The tractors lie about our fields; at evening
They look like dank sea-monsters couched and waiting.
We leave them where they are and let them rust:
'They'll molder away and be like other loam.'
We make our oxen drag our rusty plows,
Long laid aside. We have gone back
Far past our fathers' land.
And then, that evening
Late in the summer the strange horses came.
We heard a distant tapping on the road,
A deepening drumming; it stopped, went on again
And at the corner changed to hollow thunder.
We saw the heads
Like a wild wave charging and were afraid.
We had sold our horses in our fathers' time
To buy new tractors.

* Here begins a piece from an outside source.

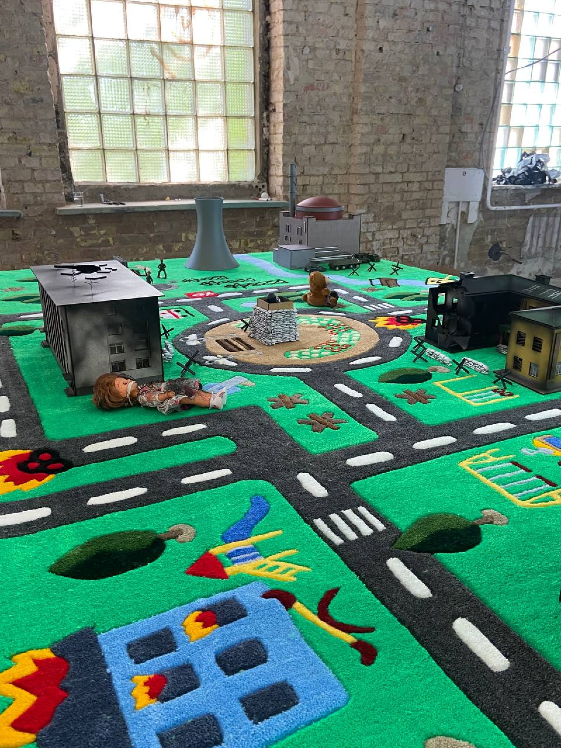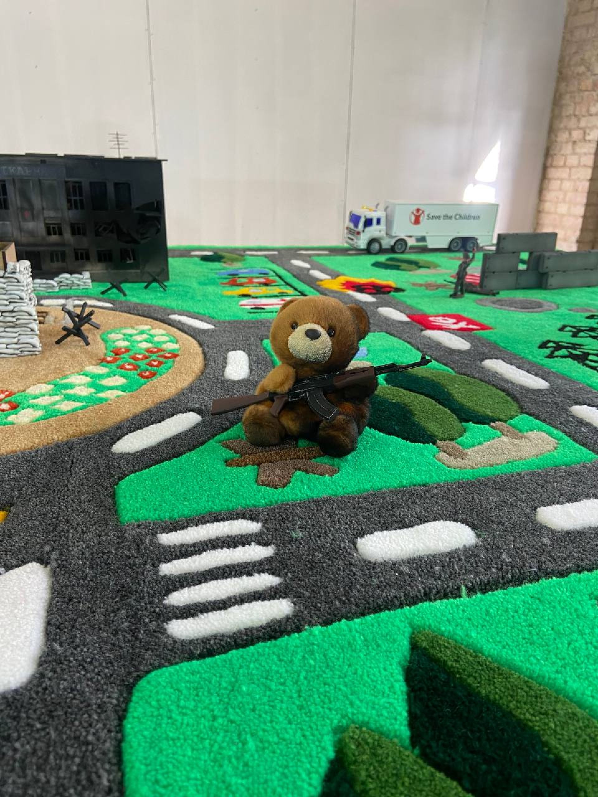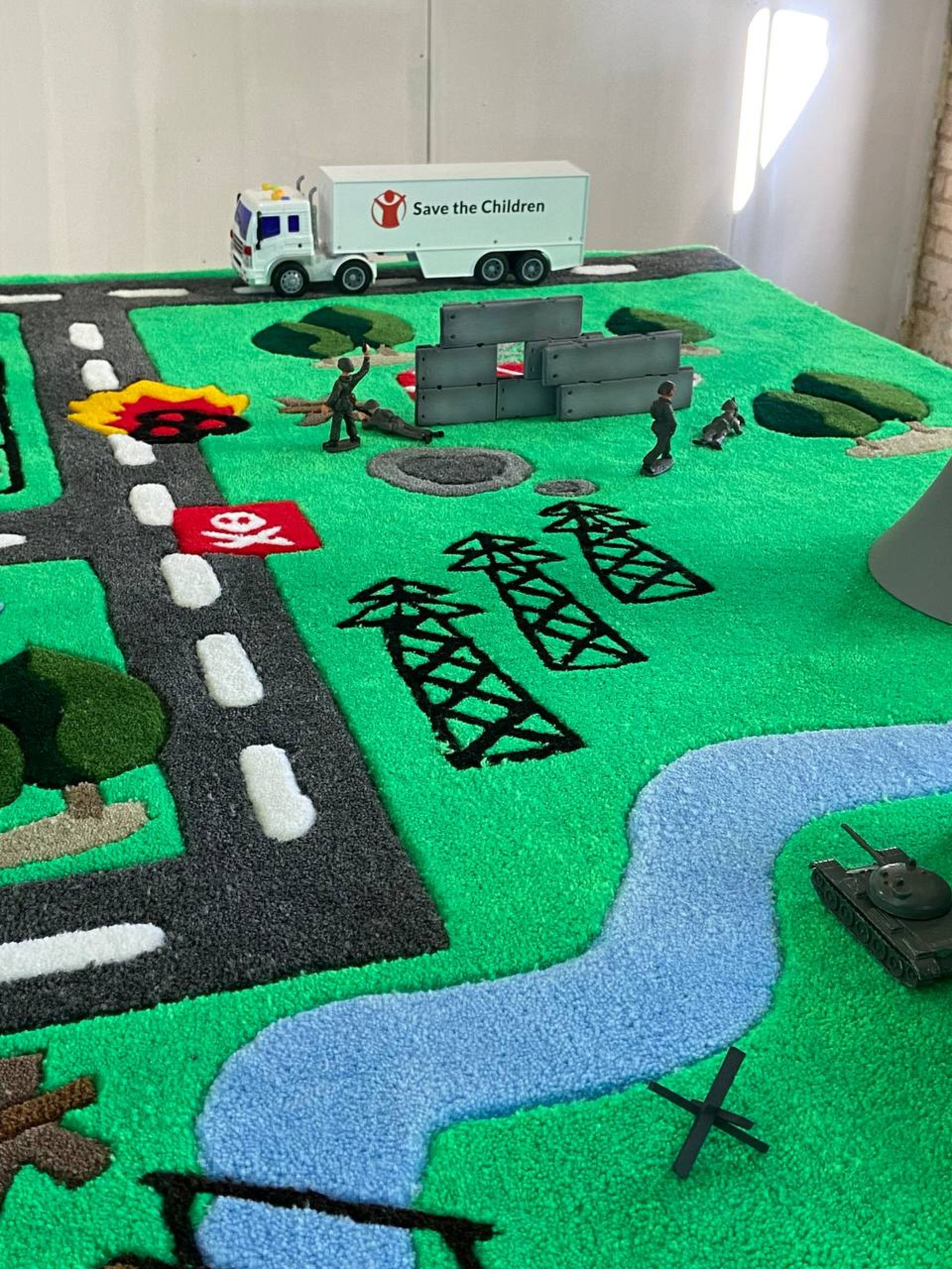 Найбільший з усіх килимів майстриня виготовила для організації Save The Children Ukraine. Виріб має назву «Сучасні реалії дитинства» і демонструє, що діти у юному віці змушені швидко дорослішати через повномасштабну війну. Василина зробила килим за дуже короткий термін – всього 11 днів. Додає, що замовлення такого масштабу і за мінімальний час жоден тафтер в Україні не погодився би виконати за жодну суму. А вона ризикнула, хоч і боялась, що не впорається. Проте, понад усе хотіла, аби про долю наших дітей дізналися в усьому світі, адже килимок «полетів» у Генштаб ЄС в Брюсселі.

Now they were strange to us
As fabulous steeds set on an ancient shield.
Or illustrations in a book of knights.
We did not dare go near them. Yet they waited,
Stubborn and shy, as if they had been sent
By an old command to find our whereabouts
And that long-lost archaic companionship.
In the first moment we had never a thought
That they were creatures to be owned and used.
Among them were some half a dozen colts
Dropped in some wilderness of the broken world,
Yet new as if they had come from their own Eden.
Since then they have pulled our plows and borne our loads
But that free servitude still can pierce our hearts.
Our life is changed; their coming our beginning.

Edwin Muir


I love this i remember studying it at school 30 years ago.